Transcribed word for word, the lines below from the one with "Unik STICKY NOTES" through the last line of the records form the answer; no picture is to be included.

Top of DATA FOR ANALYSIS

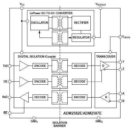 ADM2582E/ADM2587E-完全集成式隔离数据收发器
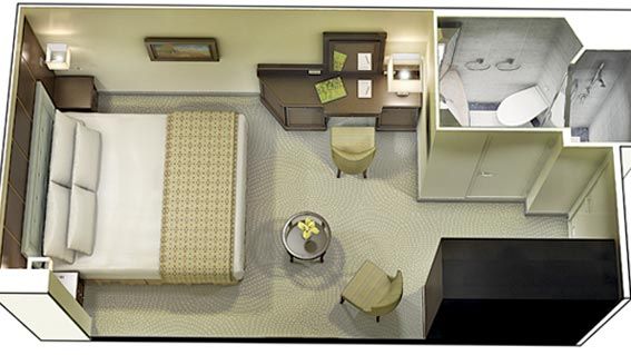 Les cabines intérieures, modernes et contemporaines, sont agréablement meublées et ingénieusement agencées pour optimiser l’espace.
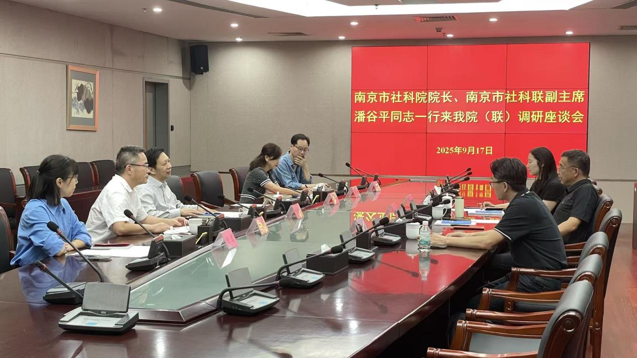 2025年9月17日,南京市社科院院長、南京市社科聯副主席潘谷平一行來我院(聯)調研座談。我院(聯)黨組書記、院長(主席人選)何新紅主持座談會。
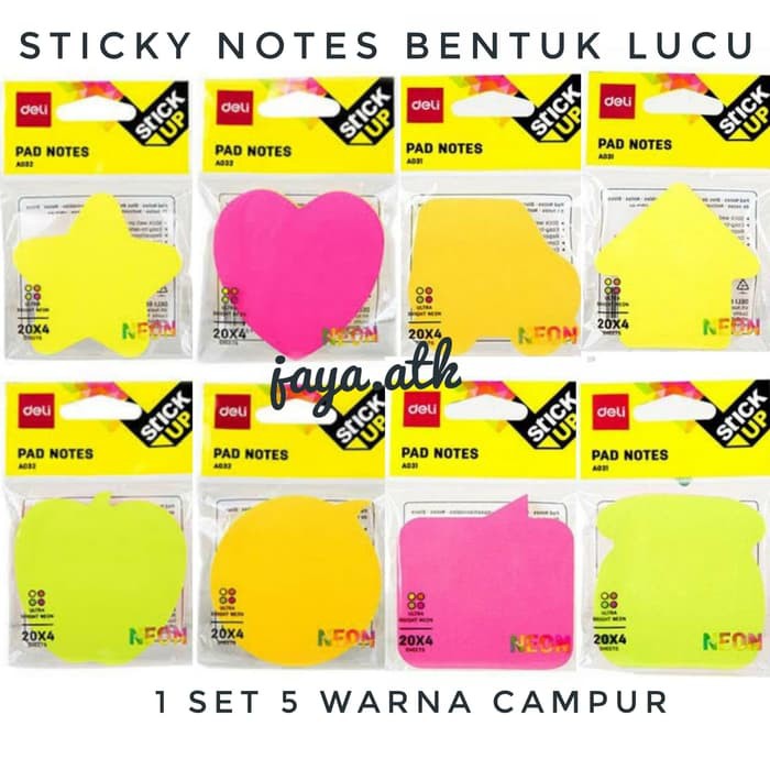 Unik STICKY NOTES BENTUK LUCU STICK NOTE MEMO TEMPEL BENTUK LUCU WARNA 76mm Berkualitas
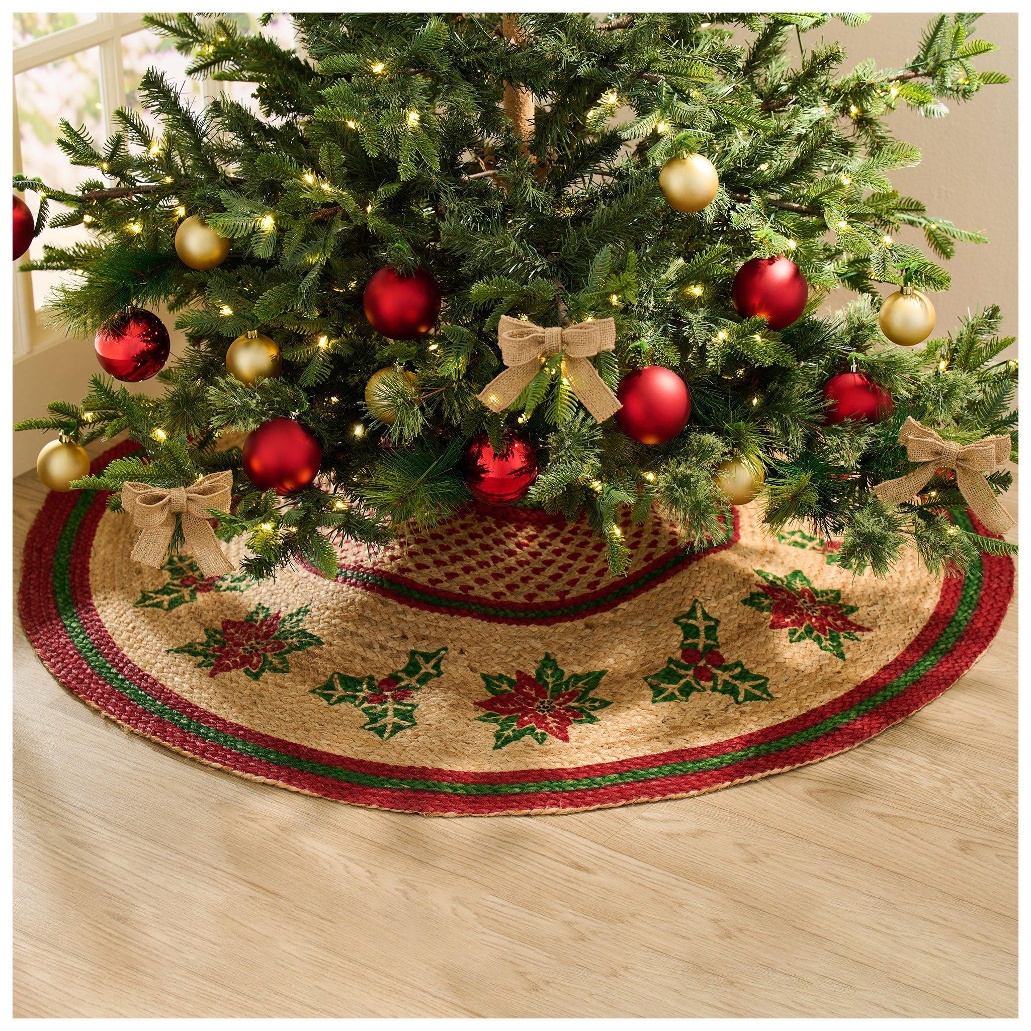 Holly & Poinsettia Reversible Jute Tree Skirt

Bottom of DATA FOR ANALYSIS

ANSWER BOX ▸
 Unik STICKY NOTES BENTUK LUCU STICK NOTE MEMO TEMPEL BENTUK LUCU WARNA 76mm Berkualitas
 Holly & Poinsettia Reversible Jute Tree Skirt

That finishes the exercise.